的确,一个人如果与自己种属的千百万人并无二致,那他又能有什么价值呢?千百万人?不对,应该是数不胜数、永无穷尽的人才对——他们从大自然永不枯竭的源泉里绵绵不断地涌现。大自然在这方面慷慨施予,一如打铁匠的锤子进发出左右飞舞的火花。

很明显,这一说法是对的:一个人如果除了具备自己种属的素质以外就再没有其他的素质,那么,他除了拥有一种属的生存以外,没有权利要求享有别样的生存。

我不止一次地探讨过这一点(例如:《伦理学的两个根本问题》中的《论意欲的自由》第三部分(2);《作为意欲和表象的世界》卷1,55):动物只有种属的性格,惟独人才具备了真正的个体性格。但是,在大多数人的身上却只有为数不多的、真正属于个人的东西:他们完全可以被纳入一大类。“这些都是样品”。他们的所思、所欲,正如他们的面相一样,是整个种属的所思、所欲;或者,至少是他们所隶属的阶级的所思、所欲。为此理由,他们庸俗、渺小,并以庞大的数目生存着。我们可以相当准确地预见到他们将要做出的事情和说出的话语。他们没有特别的标记,就像工厂大批生产的产品一样。[116]

他们的存在难道不应该,就像他们的真正本性那样,融讲种属的存在中去吗?平庸这一诅咒通过只给予了这些人种属的本性和存在把这些人在这一方面降至与动物接近的水平。

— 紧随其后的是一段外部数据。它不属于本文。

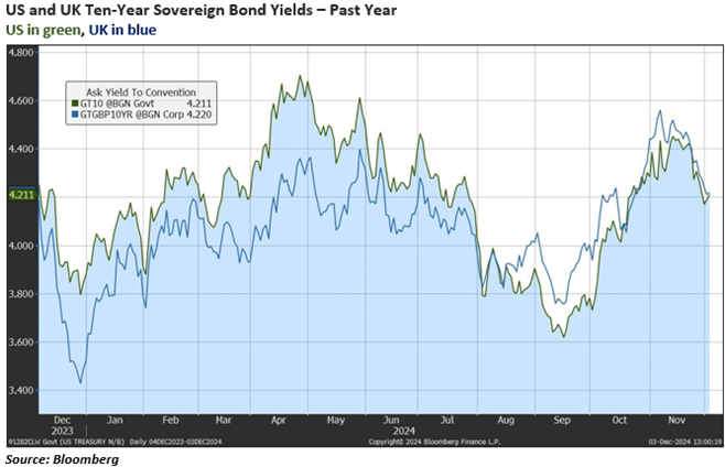 While US stocks have been celebrating the election of Donald Trump, the S&P 500 and the NASDAQ are both up by around 5% since 5th November, US bonds have not been so sure. Ten and thirty-year US Treasury yields moved up following the result, worrying about those inflationary policies (tariffs!) and the yawning budget deficit. But they have since re-traced the move on the back of reasonably encouraging inflation data and soothing commentary from Fed speakers. UK ten-year Gilt yields have moved increasingly in lockstep with US yields (see right). In Europe, yields are generally lower, the German ten-year bund yield is close to 2%, but French yields are struggling. The French ten-year yield at 2.9% is the same as Greece (that is quite a turnaround in fortunes) and higher than the Spanish and Portuguese equivalent.
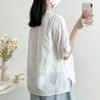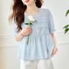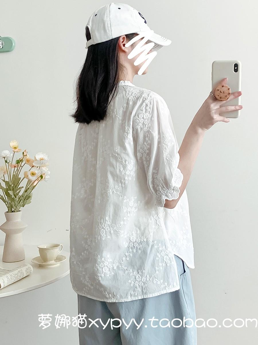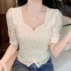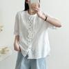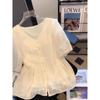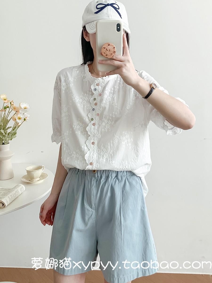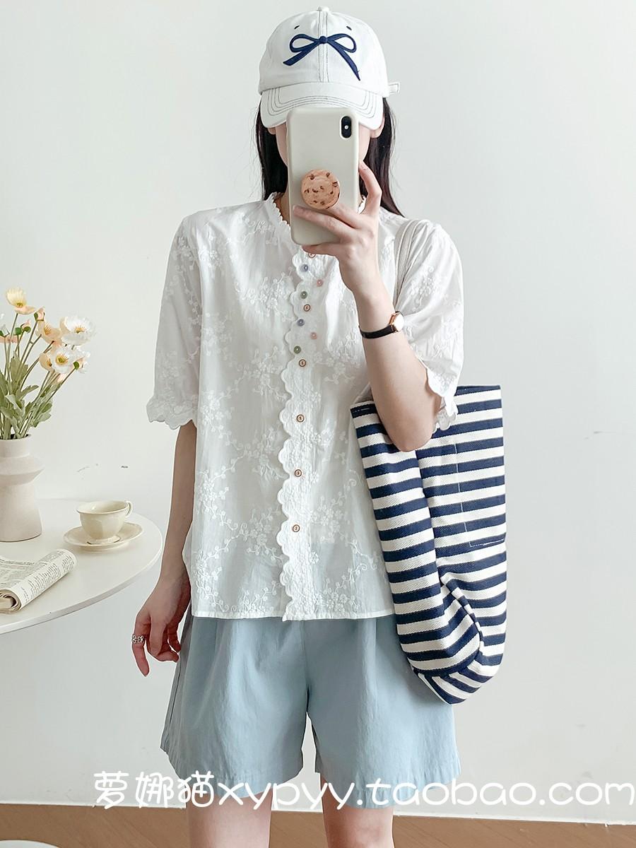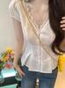 Camisa de Encaje Estilo Francés de Manga Corta para Mujer Verano Bordada con Relieve Chic Color Botón Algodón Top

但不言自明,一切伟大、高贵的事物,其本质已决定了它们只能孤独地存在于这样一个世界:在这里,要描绘卑劣、下流和无耻,再没有比用以形容一般存在的东西的“平庸”、“庸俗”更好的词语了。

34

作为自在之物的意欲,是构成一切生物的共同材料,是事物的普遍元素。意欲是我们与所有人,甚至与动物和其他更加低级的存在形态都共同拥有的东西。在意欲方面,我们和万物是一样的,只要它们充满着意欲。在另一方面,一种生物赖以优越于另一种生物,一个人赖以优越于另一个人的却是认识力。因此,我们要表现出来的东西应该尽可能地局限于认识力方面,只有认识力才可以显现出来。这是因为意欲既然是我们共有的东西,那它就是所谓俗。的东西。根据这一道理,意欲的每一次激烈显现都是“俗”,也就是说,它使我们降格为种属的一个纯粹标本、范例而已,正是在这个时候我们显示了种属的特征。因此,所有的愤怒都是俗;所有的纵情狂欢、所有的仇恨和恐惧,一句话,每一种情绪,亦即每一意欲的活动,当它变得那样强烈,以致在我们的意识里远远地压倒了认识力,使我们变得更像是一个意欲着的生物,而不是一个认识着的人——在这时候,我们就都是俗。一旦屈从于诸如此[117]类的情绪活动,哪怕是最伟大的认识天才也会变成一个最普通的凡俗之人。相比之下,谁要是希望成为超凡脱俗,亦即伟大,那他就绝对不能允许意欲占据优势的活动完全占据他的意识,哪怕他受到极大的诱惑要这样做。例如,他必须察觉到别人对自己憎恨、仇视的态度,但又能够不为所动。确实没有比这一迹象更能确切无误地显示出一个人的伟大:对任何敌对的、侮辱性的话语都能够无动于衷,只是把这些东西,正如其他无数的错误一样,归之于说话者肤浅的认识力;因此也就是察觉到这些东西,但却丝毫不受影响。由此我们也就理解了格拉西安[6]所说的话,“没有什么比让人家发现自己毕竟只是一个常人更加降低自己的身份。”

根据以上所言,我们必须隐藏起自己的意欲,就像我们不得不隐藏起自己的生殖器一样,虽然这二者都是我们本质的根源。我们应该只让我们的认识力显现出来,犹如我们只露出自己的脸。否则,我们就会变得凡俗。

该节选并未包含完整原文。